Firstly, the pun in the second question was intentional, and the answer is not much
scope at all. For that money you should consider a decent pair of binoculars. A
really good pair can be even more than that, but you should be able to get a reasonable
pair from £60 upwards. The scopes in the catalogues and chain stores, (generally),
are not worth considering, even as a starter scope. They can be so frustrating to
use that they can put people off for good. More on that later but first let´s
deal with binoculars. These are very much underrated by the new would-be astronomer
so I will spend a bit of time on them first.
The strength of the telescope is magnification and resolving power. Astronomical
objects are so far away from us that bodies as large as the planets look like points
of light to the naked eye. To see any details therefore, magnification is required.
Even then, the stars are so far away that they still look like points of light in the
telescope but the magnification can separate stars that the naked eye sees as one.

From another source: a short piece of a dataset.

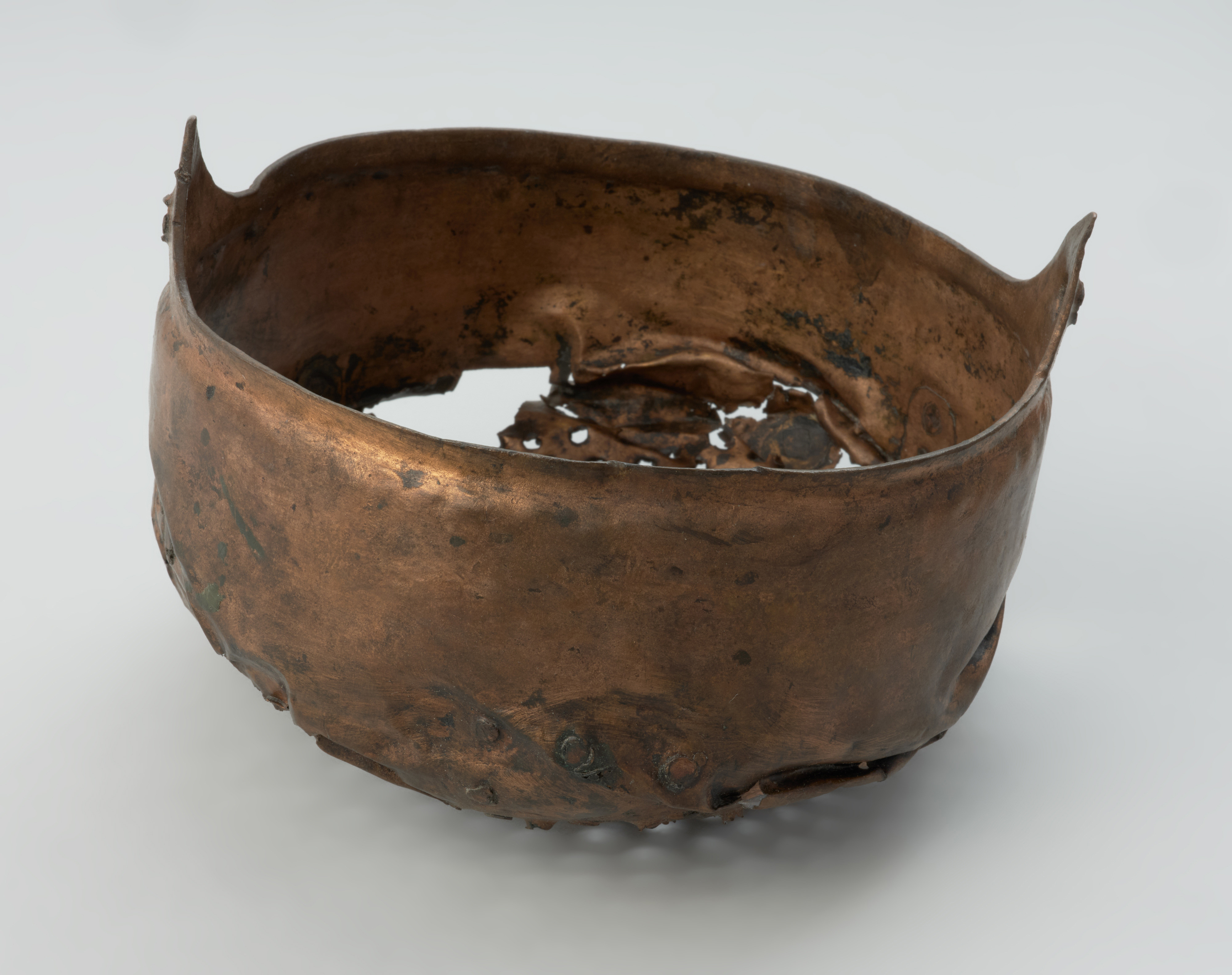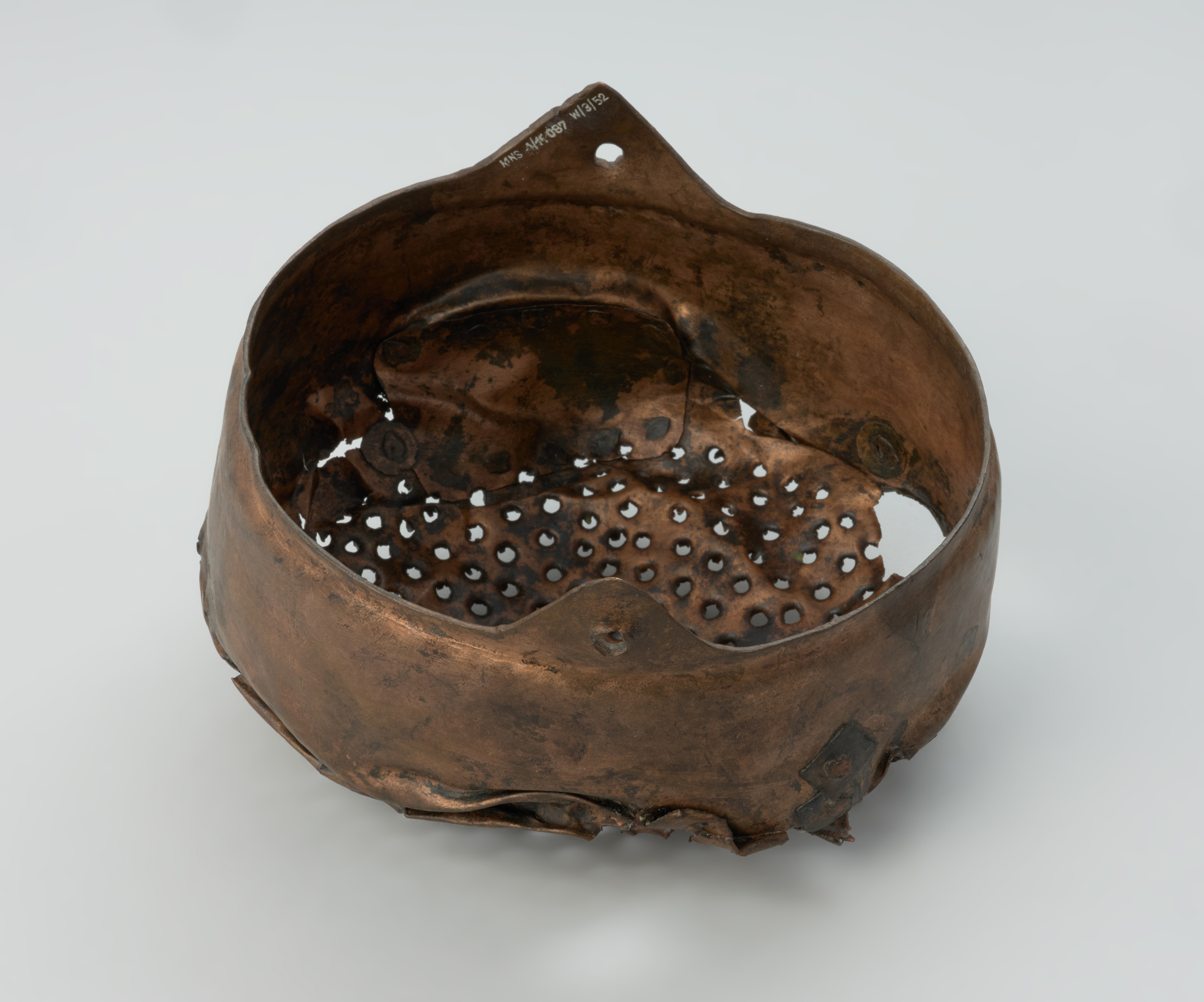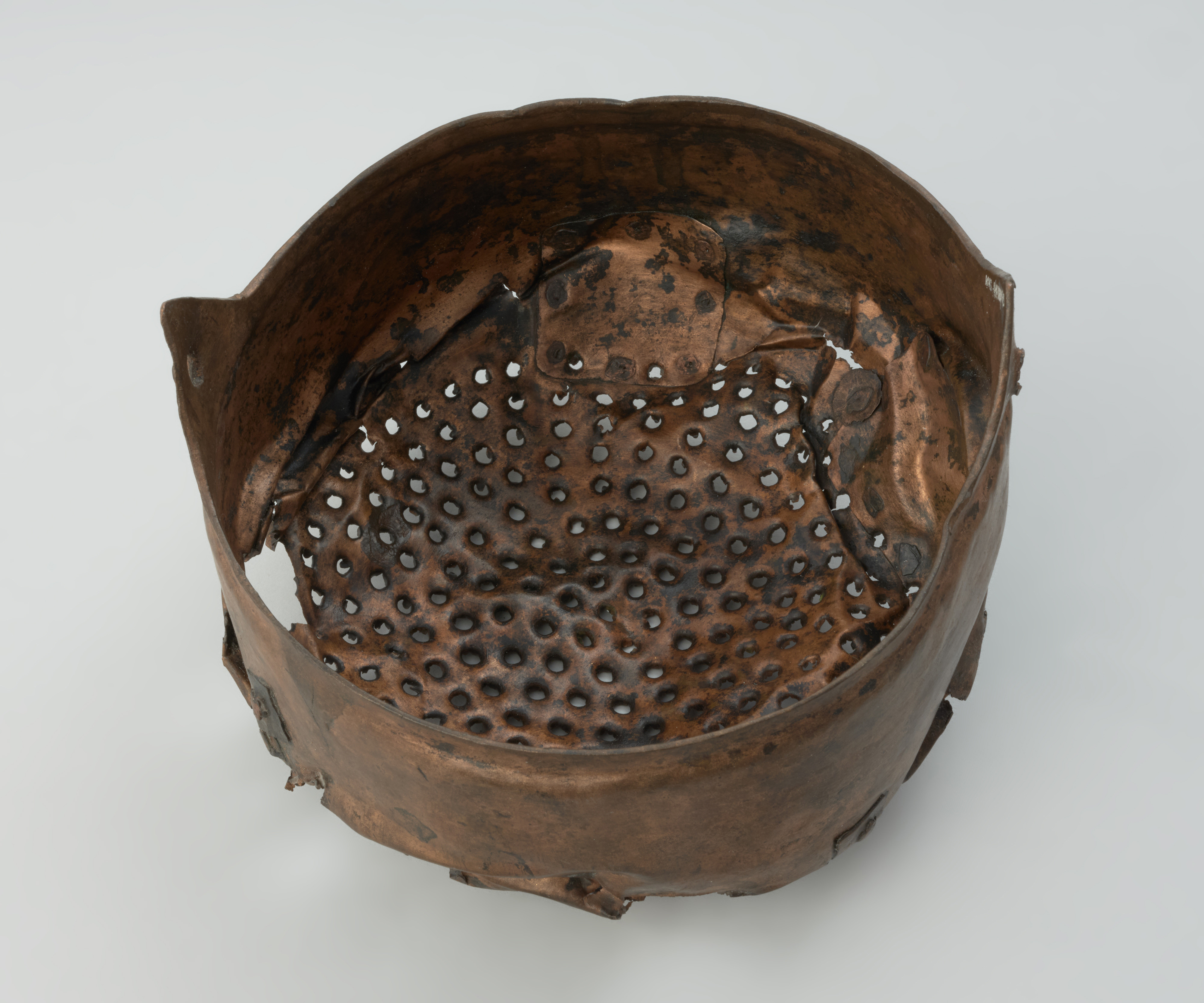 Cedzak ze stopu miedzi odkryto podczas podwodnych badań archeologicznych przeprowadzonych w 1952 roku przez Władysława Filipowiaka w Wolinie, pow. kamieński. Wydobyty został z mułu rzecznego na głębokości 9,52 m podczas prac hydrotechnicznych. Oprócz cedzaka natrafiono wówczas na dwa kotły, także wykonane ze stopu miedzi. Cedzak wykonano metodą rozklepywania arkusza blachy i formowania zaplanowanego kształtu. Jest zaopatrzony w dwa trójkątne ucha o wysokości 2,8 cm z otworami. Na powierzchni wewnętrznej widoczne są liczne ślady po formowaniu kształtu naczynia powstałe w wyniku uderzenia w blachę tępym narzędziem. Można także zaobserwować pozostałości zabiegów naprawczych – zasklepiania pęknięć i dziur. Do reperacji uszkodzeń wykorzystywano fragmenty blach, które nakładano z jednej lub z dwóch stron, w zależności od stopnia ubytku. W przypadku największego uszkodzenia zastosowano łatkę blachy o wymiarach 8 × 5 cm, przytwierdzając ją 12 niewielkimi nitami. Dno cedzaka ma liczne otwory o średnicy około 0,3 cm. Naczynie wykonano najprawdopodobniej z uszkodzonego kotła, który w wyniku licznych napraw nie spełniał już swojej pierwotnej funkcji.

Some astronomical objects are quite large and faint, however, so that too much
magnification makes them impossible to see in a telescope. The field of view in the
eyepiece, even on the lowest power, might only cover a small fraction of the object.
Secondly, spreading out the light by magnification to increase separation, decreases
the brightness. It is a trade-off, so compromise is required. This is where the
binoculars come in. With their lower power and object lenses much bigger than
our eyes, they are just what is needed for diffuse, faint objects. A good example of
this is the Plieades. These are a wonderful sight in most binoculars but a bit
disappointing in many telescopes. The serious astronomer needs both binoculars and a
telescope, so a decent pair of bins is the place for the newcomer to start.

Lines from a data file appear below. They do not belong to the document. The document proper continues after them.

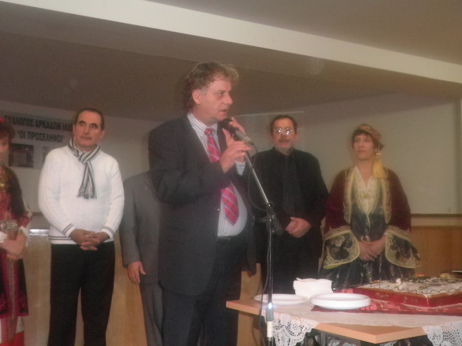 Ο δραστήριος Πρόεδρος Ιωάννης Κουτσανδρέαςμε τις πάντα πολύ καλά οργανωμένες και πετυχημένες εκδηλώσεις έκανε ένα μικρό χαιρετισμό κι έκοψε τη πίτα την οποία ευλόγησε ο Σεβασμιότατος Μητροπολίτης Ιλίου – Αχαρνών & Πετρουπόλεως κ.κ. Αθηναγόρας και στην συνέχεια έγινε μια πολύ ενδιαφέρουσα παρουσίαση, από τον δάσκαλο χορού κ. Φραγκάκη Γεώργιο και το χορευτικό του Συλόγου, Παραδοσιακών Αρκαδικών Φορεσιών.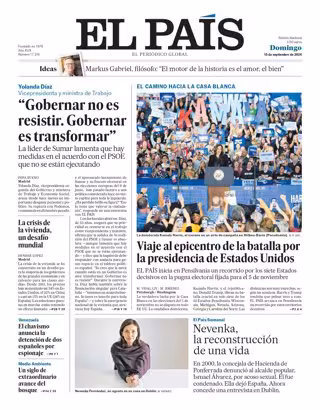 EL PAÍS: "Viaje al epicentro de la batalla por la presidencia de Estados Unidos"; "Entrevista a Yolanda Díaz: 'Gobernar no es resistir. Gobernar es transformar'"; "La crisis de la vivienda, un desafío mundial"; "El chavismo anuncia la detención de dos españoles por espionaje"; "Un siglo de extraordinario avance del bosque".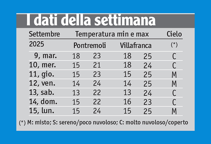 In attesa di rivedere giornate dal soleggiamento più generoso, resta da entrare più in dettaglio nel descrivere l’episodio perturbato del 9-10 settembre, che era ancora nelle fasi iniziali martedì scorso quando il giornale è andato in stampa. I rovesci più intensi si manifestavano, infatti, nel mezzodì e a metà del pomeriggio: questo, dopo i forti nubifragi che, nelle prime ore del mattino, si erano abbattuti lungo la costa e la prima fascia collinare apuana provocando le piene di Parmìgnola e Carrione e l’allagamento dei sottopassi della stazione ferroviaria di Massa.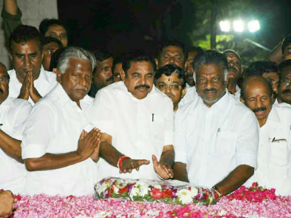 இதனைத் தொடர்ந்து சென்னை மெரினா கடற்கரையில் உள்ள ஜெயலலிதாவின் சமாதிக்கு வந்த முதல்வர் பழனிசாமி மற்றும் துணை முதல்வர் ஓ.பன்னீர்செல்வம் மலர் தூவி மரியாதை செலுத்தினர். இதே போன்று எம்ஜிஆர், அண்ணா நினைவிடத்திலும் இருவரும் மலர் அஞ்சலி செலுத்தினர்.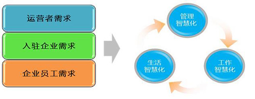 在智慧园区建设的过程中,要满足不同人群的需求。从运营者的角度出发,需要高效智能的管理、绿色节能的设施;从企业的角度看,其长远发展更是需要各类企业服务资源,如工商注册、财务税收、融资担保等;从员工的角度出发,良好的办公环境,以及完善的生活服务是首要需求。围绕企业的发展要求和人才的精神需要,建设智慧型园区,必须协调政府、企业等各方资源,实现管理、工作、生活智慧化,三位一体打造智慧园区。
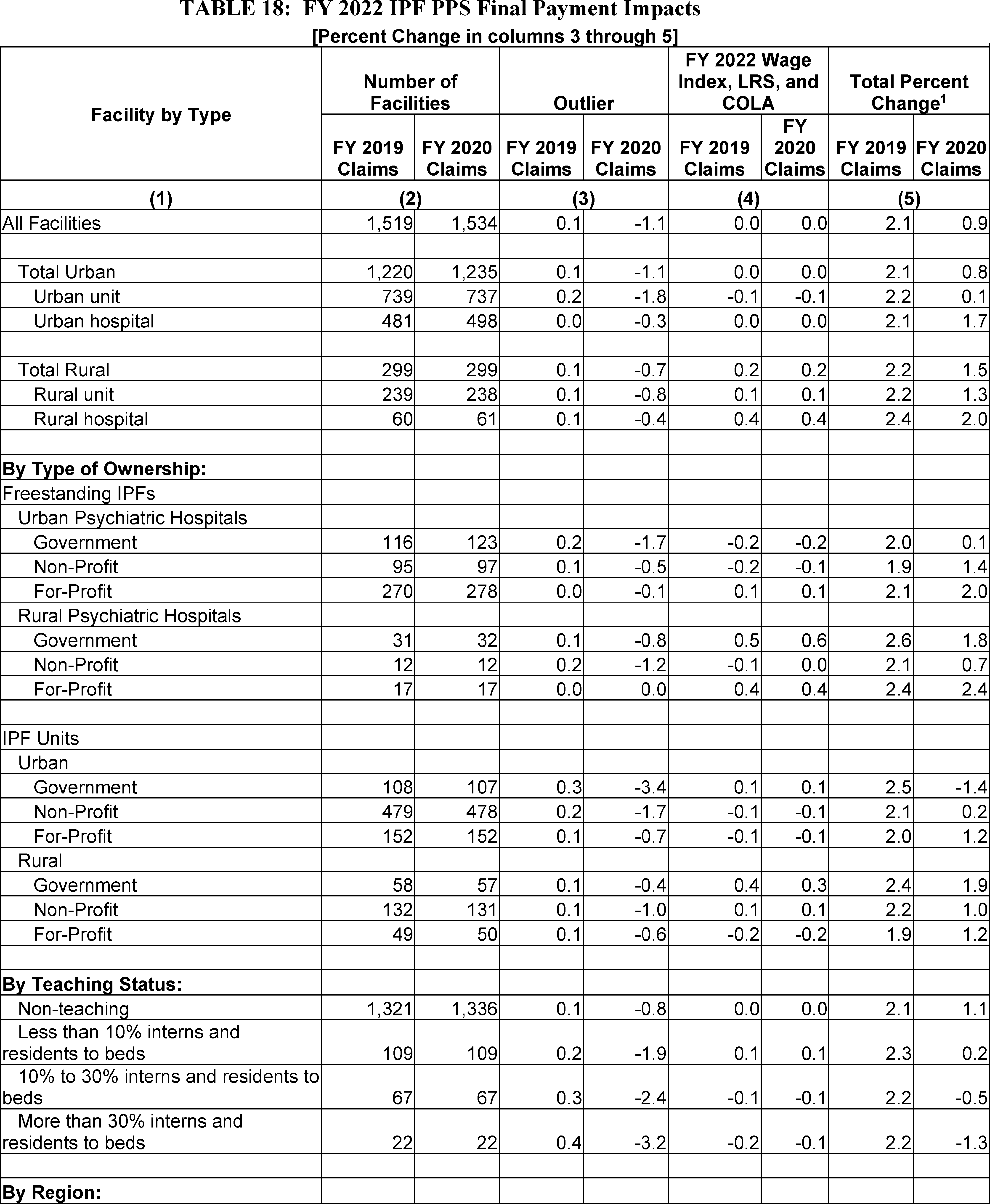 Response: We understand the commenter's concern. We acknowledge that the COVID-19 PHE has amplified the growing need for behavioral health services in this country and remain committed to trying to find ways to mitigate its impact on IPFs. Our goal is to ensure that the IPF payment rates accurately reflect the best available data. For example, as discussed in section VI.C.3 of this final rule, in comparing and analyzing FY 2019 and FY 2020 claims, we determined that the COVID-19 PHE appears to have significantly impacted the FY 2020 IPF claims such that the FY 2019 claims are the best available data to set the outlier fixed dollar loss threshold for FY 2022. Therefore, we deviated from our longstanding practice of using the most recent available year of claims, that is, FY 2020 claims, for estimating IPF PPS payments in FY 2022. We will continue to analyze more recent available IPF claims data to better understand both the short- and long-term effects of the COVID-19 PHE on the IPF PPS.

What sort of binoculars should I get? Can they be used for bird watching too?
Usually, advice on buying binoculars applies to both bird watching and astronomy. You
want as much magnification and light gathering power as you can manage but since you
need to hold them steady, they need to be light. (Here we go, compromise again - and
puns).
Binoculars are rated as 8x40, 7x50, 10x50, etc. The first of these numbers is the
magnification and the second is the diameter of the object lens in millimetres. The
smallest useful magnification is about 6. Normal are 7 or 8, above that it starts to become
difficult to keep them steady and they start to get heavy due to the weight of the glass.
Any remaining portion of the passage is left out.